Though Proposition 92 does not explicitly state where the estimated $900 million will come from, “it has to come from somewhere,” Galen said.
“It comes from existing funds, but when you’re looking at a $14.5 billion deficit now, where does it come from?” Galen said. “It has to come from higher education, public safety, or social services–-on top of all the programs and all of the services that the state pays for.”
In 1988, voters approved Proposition 98, which bundled K-12 schools and community colleges as a single entity when assessing minimum funding requirements, and disburses funds based on K-12 enrollment. A minimum of approximately 40 percent of the General Fund is currently allocated to meet the 1988 requirement, but community colleges only receive 10 to 11 percent of those funds.
Proposition 92 would make separate minimum funding guarantees for K-12 schools and community colleges. However if the state allocates less than 40 percent of the General Fund for K-14 education, Proposition 92’s separate funding agreement will not apply. Even if passed, the California Legislative Analyst’s Office predicts that Proposition 92 will not be in effect for a few years.
The current $20 per unit fee at the state’s 109 community colleges is among the lowest in the nation, and 25 percent of community college students are eligible to have fees waived.
“Lowering fees are an important part of Prop. 92 because if fees are raised, students don’t enroll,” Wonnacott said. “[Prop. 92] ensures community colleges will have the resources they need to keep their doors open with stable and adequate funding.”
However, Proposition 92 would “mean less money for the CSU and UC system,” said CSU spokesman Paul Browning.
“At the community colleges, lower income students already get fee waivers,” Browning said. “The passage of the proposition may mean higher fees for CSU and UC systems, who have been forced to pay more in recent times because the state has reduced funds. The proposition could make funding more difficult than what it already is, and we’re trying to boost pay for faculty and staff.”

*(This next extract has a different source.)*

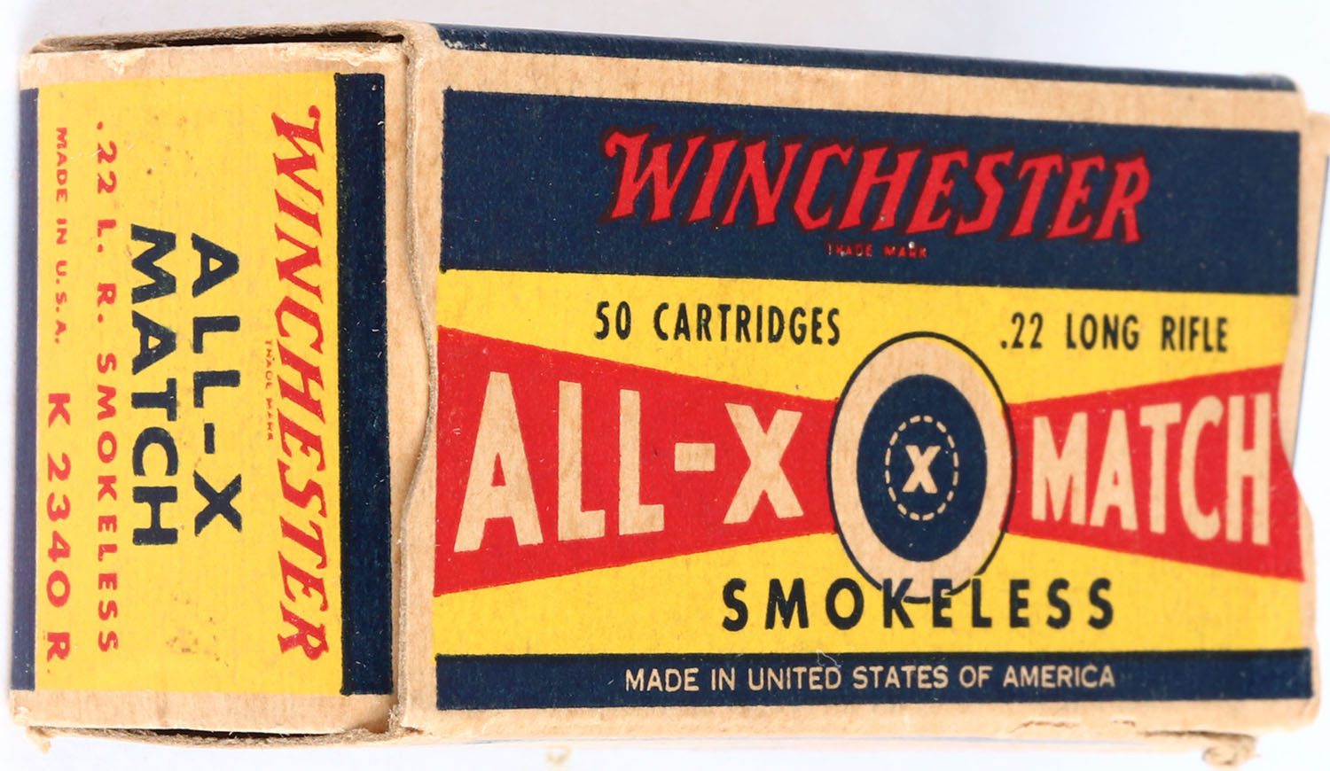 Winchester, All-X Match, .22 Long Rifle, Smokeless, RHWeb: WRA-54 LR-1, Full, 1pc. Yellow red & blue box, right end flap is torn, box has excellent color, some age soiling, partial seam split to top front edge, very minor corner wear, edges are mostly crisp, left end flap is solid, ammo is very good. Grade: Very Good + - Value: 30 to 120
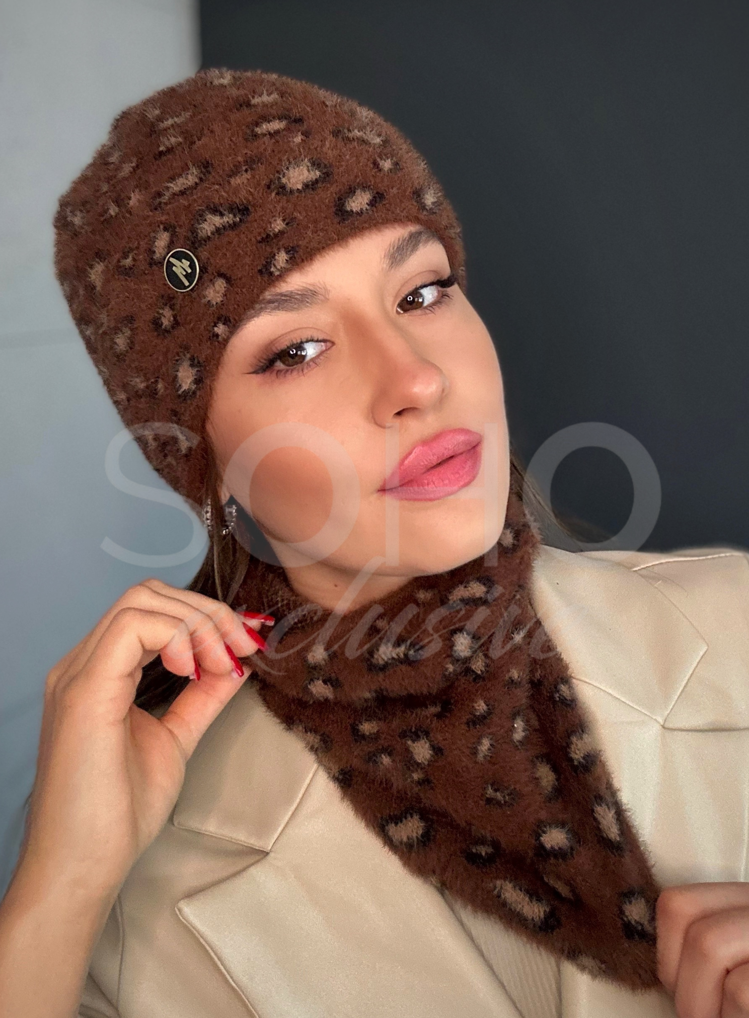 Wykonany z uciągliwego, przyjemnego materiału (alpaka touch).

Proposition 92 would enable community colleges to enroll over 100,000 more students, Wonnacott said. In the 2007 fall semester, 3,135 new transfer students from community colleges and four-year colleges enrolled at SF State, according to Jo Volkert, associate vice president of Enrollment Planning and Management.
“We absolutely believe in the value of the community college system,” Galen said. “But [Proposition 92] is not the right way to go about that.”